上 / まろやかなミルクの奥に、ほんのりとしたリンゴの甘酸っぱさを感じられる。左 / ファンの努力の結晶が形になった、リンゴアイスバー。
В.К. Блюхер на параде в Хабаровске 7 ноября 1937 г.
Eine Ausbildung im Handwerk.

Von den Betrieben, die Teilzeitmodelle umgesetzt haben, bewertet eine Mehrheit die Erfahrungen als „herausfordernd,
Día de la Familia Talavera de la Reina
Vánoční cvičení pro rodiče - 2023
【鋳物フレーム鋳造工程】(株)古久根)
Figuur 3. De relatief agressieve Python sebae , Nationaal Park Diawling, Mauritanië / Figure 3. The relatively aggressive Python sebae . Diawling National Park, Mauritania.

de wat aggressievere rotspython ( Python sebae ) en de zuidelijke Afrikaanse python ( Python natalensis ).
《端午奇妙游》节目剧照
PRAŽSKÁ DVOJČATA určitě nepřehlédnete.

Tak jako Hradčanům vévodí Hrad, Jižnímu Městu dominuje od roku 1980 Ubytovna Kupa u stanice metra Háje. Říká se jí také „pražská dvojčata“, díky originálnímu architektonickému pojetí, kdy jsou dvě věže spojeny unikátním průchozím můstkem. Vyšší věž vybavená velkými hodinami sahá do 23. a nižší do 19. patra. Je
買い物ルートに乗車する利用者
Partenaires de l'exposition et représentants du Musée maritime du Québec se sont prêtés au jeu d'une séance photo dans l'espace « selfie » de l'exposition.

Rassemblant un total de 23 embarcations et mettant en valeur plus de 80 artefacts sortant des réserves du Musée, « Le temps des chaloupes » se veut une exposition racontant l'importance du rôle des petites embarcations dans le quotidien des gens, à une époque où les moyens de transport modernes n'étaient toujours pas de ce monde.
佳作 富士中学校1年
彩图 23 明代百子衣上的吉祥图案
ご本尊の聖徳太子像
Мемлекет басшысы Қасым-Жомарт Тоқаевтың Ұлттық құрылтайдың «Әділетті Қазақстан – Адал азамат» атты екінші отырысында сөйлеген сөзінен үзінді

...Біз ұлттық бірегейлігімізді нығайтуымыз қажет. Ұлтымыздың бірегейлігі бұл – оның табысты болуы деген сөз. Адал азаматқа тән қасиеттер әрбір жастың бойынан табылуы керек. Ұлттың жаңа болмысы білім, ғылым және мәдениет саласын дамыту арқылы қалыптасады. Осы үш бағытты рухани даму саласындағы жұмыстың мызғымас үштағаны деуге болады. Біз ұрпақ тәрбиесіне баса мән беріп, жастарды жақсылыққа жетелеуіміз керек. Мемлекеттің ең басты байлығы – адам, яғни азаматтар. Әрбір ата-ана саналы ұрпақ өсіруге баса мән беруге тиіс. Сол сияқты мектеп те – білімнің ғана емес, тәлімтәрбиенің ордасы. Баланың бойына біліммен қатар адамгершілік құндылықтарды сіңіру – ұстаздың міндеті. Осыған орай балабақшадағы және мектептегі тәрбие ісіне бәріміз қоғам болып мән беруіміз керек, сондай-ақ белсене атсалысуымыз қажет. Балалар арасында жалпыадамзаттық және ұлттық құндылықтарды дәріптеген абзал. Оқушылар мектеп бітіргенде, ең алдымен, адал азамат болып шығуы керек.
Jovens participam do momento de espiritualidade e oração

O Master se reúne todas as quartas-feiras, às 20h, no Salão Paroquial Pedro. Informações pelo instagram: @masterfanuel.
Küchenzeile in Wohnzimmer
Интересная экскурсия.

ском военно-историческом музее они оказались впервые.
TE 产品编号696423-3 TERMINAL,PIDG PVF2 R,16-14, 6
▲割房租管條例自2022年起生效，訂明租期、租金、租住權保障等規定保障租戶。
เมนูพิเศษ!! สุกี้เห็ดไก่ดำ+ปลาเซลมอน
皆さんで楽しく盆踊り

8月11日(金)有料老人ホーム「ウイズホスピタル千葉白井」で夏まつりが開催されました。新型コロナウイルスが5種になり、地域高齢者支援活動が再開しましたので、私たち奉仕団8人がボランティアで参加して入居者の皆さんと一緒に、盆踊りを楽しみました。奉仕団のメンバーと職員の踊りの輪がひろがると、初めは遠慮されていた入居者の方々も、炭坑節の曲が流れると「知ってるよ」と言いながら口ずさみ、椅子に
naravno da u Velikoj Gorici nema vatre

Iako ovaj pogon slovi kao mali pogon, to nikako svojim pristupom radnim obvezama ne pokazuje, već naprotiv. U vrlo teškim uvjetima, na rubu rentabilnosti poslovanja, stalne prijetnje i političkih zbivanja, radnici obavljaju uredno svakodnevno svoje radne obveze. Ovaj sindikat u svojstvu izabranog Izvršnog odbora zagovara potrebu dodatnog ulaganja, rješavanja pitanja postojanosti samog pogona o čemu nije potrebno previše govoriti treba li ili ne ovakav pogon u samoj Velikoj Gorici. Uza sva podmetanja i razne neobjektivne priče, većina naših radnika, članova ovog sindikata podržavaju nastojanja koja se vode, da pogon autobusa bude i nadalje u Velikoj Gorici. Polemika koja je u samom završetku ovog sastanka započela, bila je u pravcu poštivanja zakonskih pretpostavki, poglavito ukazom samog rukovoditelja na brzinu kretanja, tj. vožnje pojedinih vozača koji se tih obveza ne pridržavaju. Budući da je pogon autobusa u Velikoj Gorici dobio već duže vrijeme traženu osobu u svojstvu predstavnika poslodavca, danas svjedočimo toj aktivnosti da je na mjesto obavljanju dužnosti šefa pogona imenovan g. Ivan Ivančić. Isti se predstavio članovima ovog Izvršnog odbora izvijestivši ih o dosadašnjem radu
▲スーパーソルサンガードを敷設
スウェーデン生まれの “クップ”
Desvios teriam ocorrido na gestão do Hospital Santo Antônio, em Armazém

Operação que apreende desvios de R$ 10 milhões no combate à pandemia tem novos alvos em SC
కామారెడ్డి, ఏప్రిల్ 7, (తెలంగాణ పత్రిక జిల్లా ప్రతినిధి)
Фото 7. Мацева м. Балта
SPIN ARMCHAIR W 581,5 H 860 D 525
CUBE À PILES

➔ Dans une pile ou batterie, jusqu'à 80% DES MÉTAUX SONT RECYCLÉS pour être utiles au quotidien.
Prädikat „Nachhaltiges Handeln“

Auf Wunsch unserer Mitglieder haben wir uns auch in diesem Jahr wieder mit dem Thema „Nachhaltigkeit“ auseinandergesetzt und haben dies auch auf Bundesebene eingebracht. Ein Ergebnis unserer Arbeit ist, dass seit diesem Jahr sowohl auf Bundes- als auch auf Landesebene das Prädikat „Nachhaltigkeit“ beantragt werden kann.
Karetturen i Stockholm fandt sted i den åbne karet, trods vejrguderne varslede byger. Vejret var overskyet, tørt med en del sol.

────

**Task requirements:**
Output should match, line for line, the stretch of the material above from the line holding "Vánoční cvičení pro rodiče - 2023" through the line holding "買い物ルートに乗車する利用者".

**Exercise output:**
Vánoční cvičení pro rodiče - 2023
【鋳物フレーム鋳造工程】(株)古久根)
Figuur 3. De relatief agressieve Python sebae , Nationaal Park Diawling, Mauritanië / Figure 3. The relatively aggressive Python sebae . Diawling National Park, Mauritania.

de wat aggressievere rotspython ( Python sebae ) en de zuidelijke Afrikaanse python ( Python natalensis ).
《端午奇妙游》节目剧照
PRAŽSKÁ DVOJČATA určitě nepřehlédnete.

Tak jako Hradčanům vévodí Hrad, Jižnímu Městu dominuje od roku 1980 Ubytovna Kupa u stanice metra Háje. Říká se jí také „pražská dvojčata“, díky originálnímu architektonickému pojetí, kdy jsou dvě věže spojeny unikátním průchozím můstkem. Vyšší věž vybavená velkými hodinami sahá do 23. a nižší do 19. patra. Je
買い物ルートに乗車する利用者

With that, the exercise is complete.